**TASK DATA**
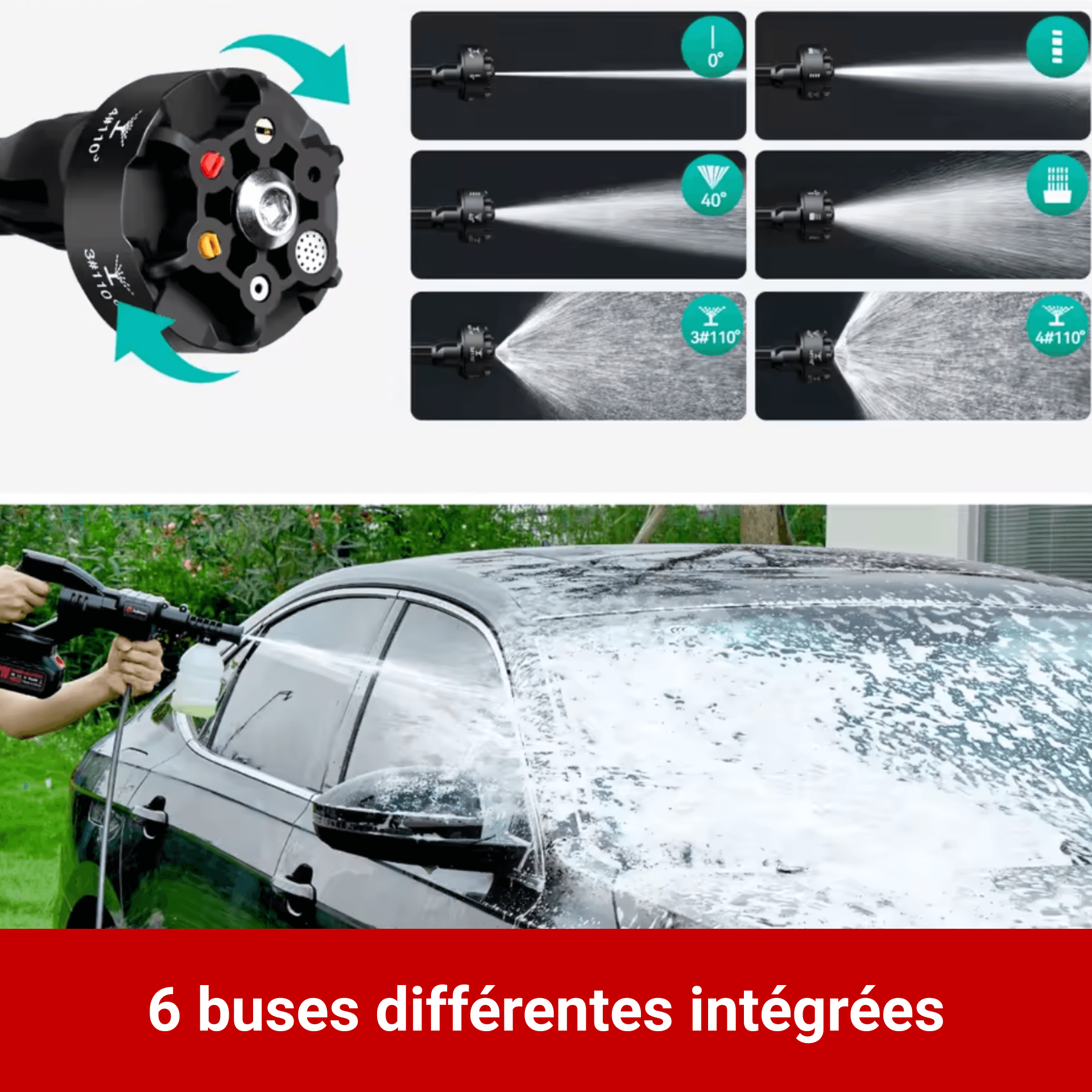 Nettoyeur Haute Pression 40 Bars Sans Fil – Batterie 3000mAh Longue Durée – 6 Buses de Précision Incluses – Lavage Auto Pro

* * *

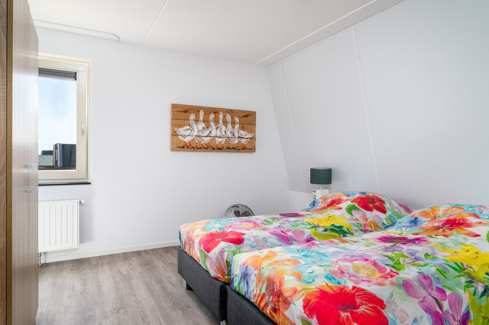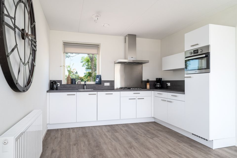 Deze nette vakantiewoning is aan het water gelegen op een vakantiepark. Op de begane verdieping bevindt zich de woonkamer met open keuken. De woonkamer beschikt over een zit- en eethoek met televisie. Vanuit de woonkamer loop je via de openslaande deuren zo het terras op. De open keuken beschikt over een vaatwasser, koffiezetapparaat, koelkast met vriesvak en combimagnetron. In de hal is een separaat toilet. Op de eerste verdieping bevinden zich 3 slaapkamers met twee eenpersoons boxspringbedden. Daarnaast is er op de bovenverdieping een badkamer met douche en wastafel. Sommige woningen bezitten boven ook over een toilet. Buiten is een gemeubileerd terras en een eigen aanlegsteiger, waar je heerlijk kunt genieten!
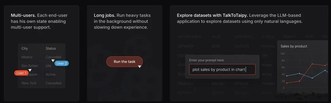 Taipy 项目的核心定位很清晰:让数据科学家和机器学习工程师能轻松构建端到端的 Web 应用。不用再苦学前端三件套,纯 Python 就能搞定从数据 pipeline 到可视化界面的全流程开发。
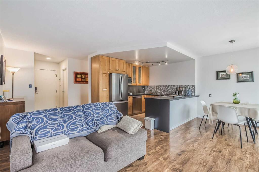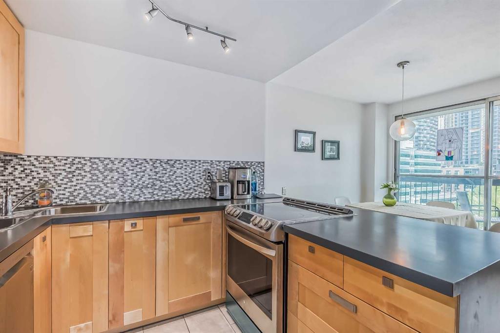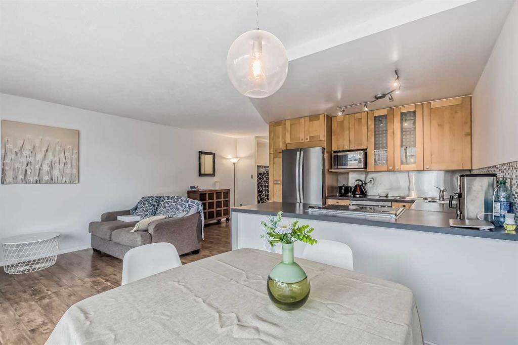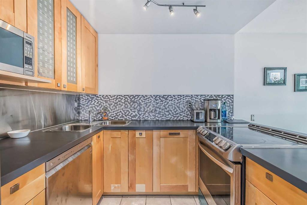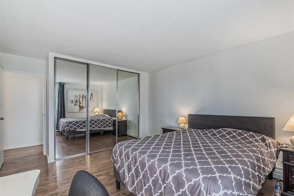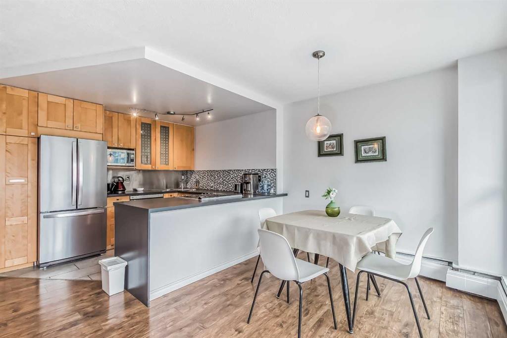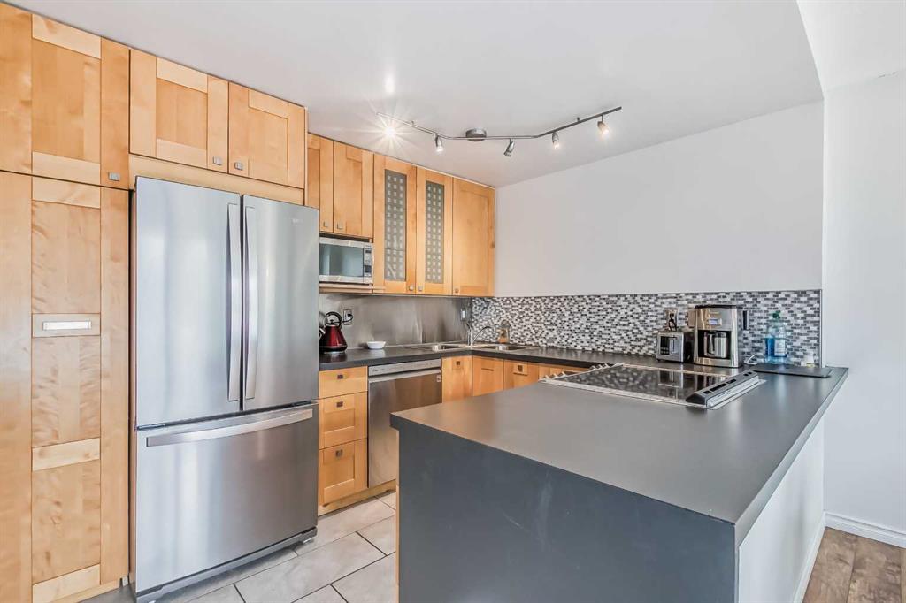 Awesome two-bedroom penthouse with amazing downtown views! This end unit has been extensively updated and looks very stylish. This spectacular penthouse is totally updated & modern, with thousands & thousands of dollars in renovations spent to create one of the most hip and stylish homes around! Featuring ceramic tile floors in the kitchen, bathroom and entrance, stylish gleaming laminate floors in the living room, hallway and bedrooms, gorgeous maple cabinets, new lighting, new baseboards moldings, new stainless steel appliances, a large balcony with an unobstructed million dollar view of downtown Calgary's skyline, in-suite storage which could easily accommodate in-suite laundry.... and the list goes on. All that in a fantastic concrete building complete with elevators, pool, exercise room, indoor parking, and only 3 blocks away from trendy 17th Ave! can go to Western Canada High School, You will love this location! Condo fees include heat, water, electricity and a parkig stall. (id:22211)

**TASK DESCRIPTION**
Transcribe the lines above exactly, beginning at the one with "Taipy 项目的核心定位很清晰:让数据科学家和机器学习工程师能轻松构建端到端的 Web" and ending at the one with "Awesome two-bedroom penthouse". Include both; exclude the pictures.

**EXERCISE RESULT**
 Taipy 项目的核心定位很清晰:让数据科学家和机器学习工程师能轻松构建端到端的 Web 应用。不用再苦学前端三件套,纯 Python 就能搞定从数据 pipeline 到可视化界面的全流程开发。
 Awesome two-bedroom penthouse with amazing downtown views! This end unit has been extensively updated and looks very stylish. This spectacular penthouse is totally updated & modern, with thousands & thousands of dollars in renovations spent to create one of the most hip and stylish homes around! Featuring ceramic tile floors in the kitchen, bathroom and entrance, stylish gleaming laminate floors in the living room, hallway and bedrooms, gorgeous maple cabinets, new lighting, new baseboards moldings, new stainless steel appliances, a large balcony with an unobstructed million dollar view of downtown Calgary's skyline, in-suite storage which could easily accommodate in-suite laundry.... and the list goes on. All that in a fantastic concrete building complete with elevators, pool, exercise room, indoor parking, and only 3 blocks away from trendy 17th Ave! can go to Western Canada High School, You will love this location! Condo fees include heat, water, electricity and a parkig stall. (id:22211)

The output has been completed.